Охрана, вооружённая огромными сажалами длиной в руку, велела нам ждать: Велибору, мол, скажут, и он сам к нам выйдет.
И не видать бы мне города Резана, если б Митроха, опытный человек, не вынул полкуны лысых и не сунул стражу в жадную ладонь.
Нас пропустили за ворота.
Дальше со мной случилось то, что случается с любым молодым дураком, впервые попавшим в центр мира. Я оглох, ослеп, ноги мои подогнулись от страха – сил хватало только на то, чтобы сжимать пальцами плечо Митрохи, который шагал впереди, безошибочно – даром что кривоглазый – прокладывая дорогу в безумной людской каше.

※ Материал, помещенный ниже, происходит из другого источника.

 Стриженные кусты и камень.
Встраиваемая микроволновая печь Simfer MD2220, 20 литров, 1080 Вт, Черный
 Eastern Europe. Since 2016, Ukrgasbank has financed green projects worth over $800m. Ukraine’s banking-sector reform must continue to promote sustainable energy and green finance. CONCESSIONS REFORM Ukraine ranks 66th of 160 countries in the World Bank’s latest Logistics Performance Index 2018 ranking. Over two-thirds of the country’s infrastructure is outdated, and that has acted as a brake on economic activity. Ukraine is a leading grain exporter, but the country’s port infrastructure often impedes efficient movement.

Улица, замощённая полубрёвнами, гремела голосами. Повсюду висел дым, пахнущий жареным мясом и жареной рыбой, закваской, солодом, чесноком, горящим жиром, новыми кожами; бранились мальчишки, собирающие навоз; через каждые пятьдесят шагов, вдоль стен, стояли бочки с водой, на случай пожара; бабы в богатых душегрейках грызли яблоки и пересмеивались; пришлые степняки-сарматы, трое, бритоголовые и кривоногие, хохотали, показывая друг другу пальцем на крытые дёрном крыши домов, и страшно воняли конской мочой; медленно проехал на огромном вороном мерине широкоплечий человек в горностаевом воротнике, с сажалом в наборных ножнах, с серебряной гривной на дочерна загорелой шее: княжий злыдень.

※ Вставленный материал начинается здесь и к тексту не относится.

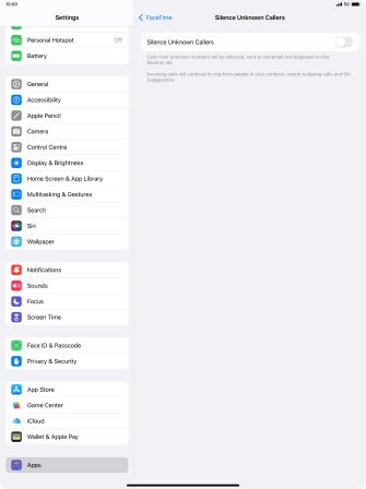 Press the indicator next to "Silence Unknown Callers" to turn the function on or off.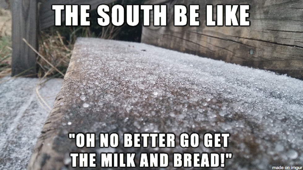 This goes for North Carolina in particular, not just the South in general. I get that the state is south of the Mason-Dixon line, and the states south of that line generally get less severe weather during winter. But seriously? Less than six inches of snow is not a cause for a state of emergency. The bread aisle at Walmart should no be completely cleaned out if you're only expecting to stay inside for a day or two. People in Florida handle hurricanes better than North Carolina handles snow storms.
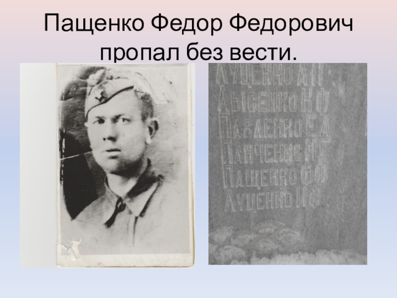 Слайд 19Пащенко Федор Федорович пропал без вести.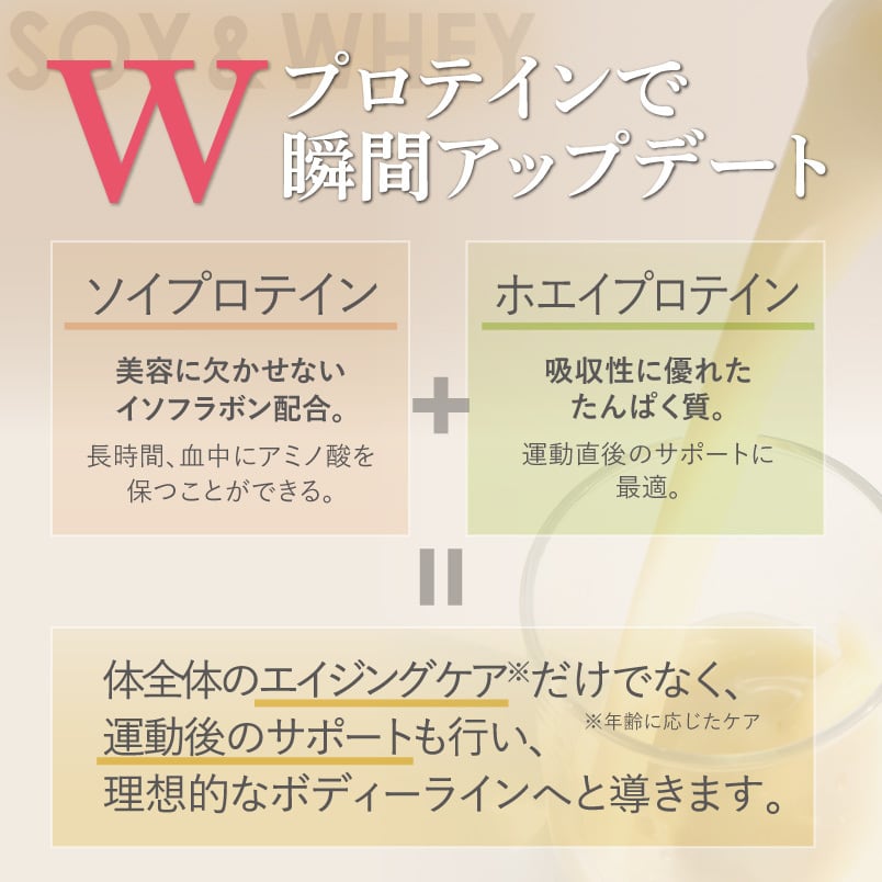 美容にうれしいイソフラボンが摂取できるソイプロテインに加え、吸収性に優れたホエイプロテインを配合しました。運動後のたんぱく質摂取にも最適で全身のトータルケアを目指します。さらに天然の甘味料エリスリトールを使用し、砂糖に比べ、甘さ控えめでダイエット中の飲みものとしても最適です。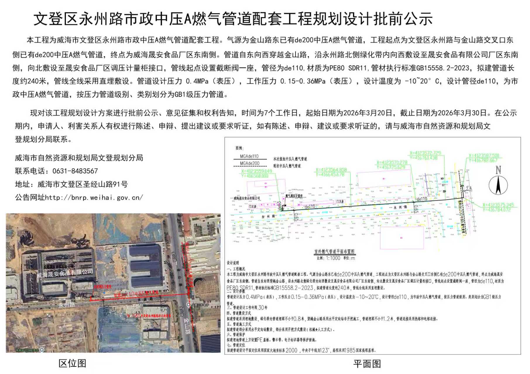 文登区永州路市政中压A燃气管道配套工程规划设计批前公示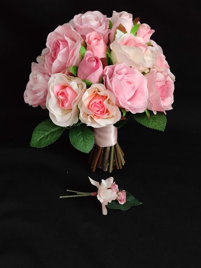 - Gerçek dokulu pembe güllerden tasarlanmış zarif gelin çiçeği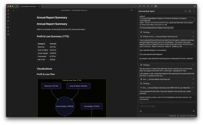 As mentioned, you are not limited to Markdown files. Need to analyze a lengthy PDF report? No problem. Attach it to your message, and the agent will extract the necessary information. You can then discuss the contents and even ask it to generate summaries, diagrams, or charts based on the document.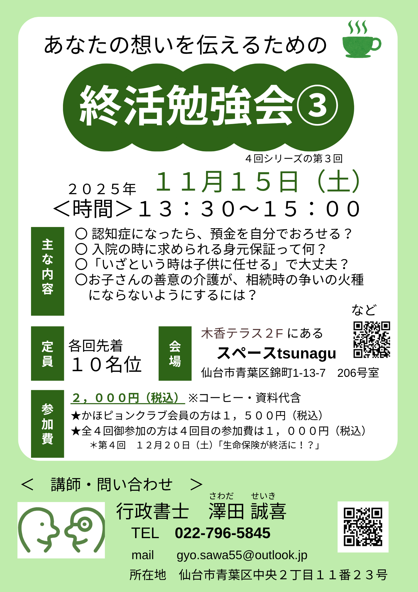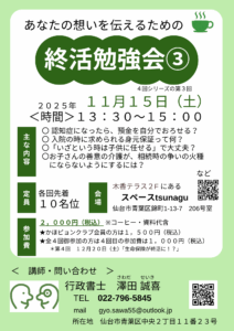 中高年の「もしも」の時への備え~第3回終活勉強会~

Четверо мужиков пронесли огромный сундук, а вела их заплаканная девка в серебряных ожерельях: видать, жена сбежала от мужа.
А за ней шли целой ватагой птицеловы, с мрачными, неприятными рожами, и у каждого в клетке встрескивали крыльями и голуби, и синицы, и сороки, а у одного даже ворон сидел, чёрный как уголь, и я, увидев этого ворона, поспешил отвернуться и зажмурить глаза несколько раз подряд, чтобы забыть, как будто увиденного и не было.
В моей селитьбе воронов не ловили. Ловить ворона – всё равно что ловить волка или медведя. Нехорошо, неправильно.
Когда увидел этого ворона – понял, что про Резан говорили верно: это действительно чёрная поляна в чёрном лесу, опасное гнездо, где люди живут – и ни во что не верят.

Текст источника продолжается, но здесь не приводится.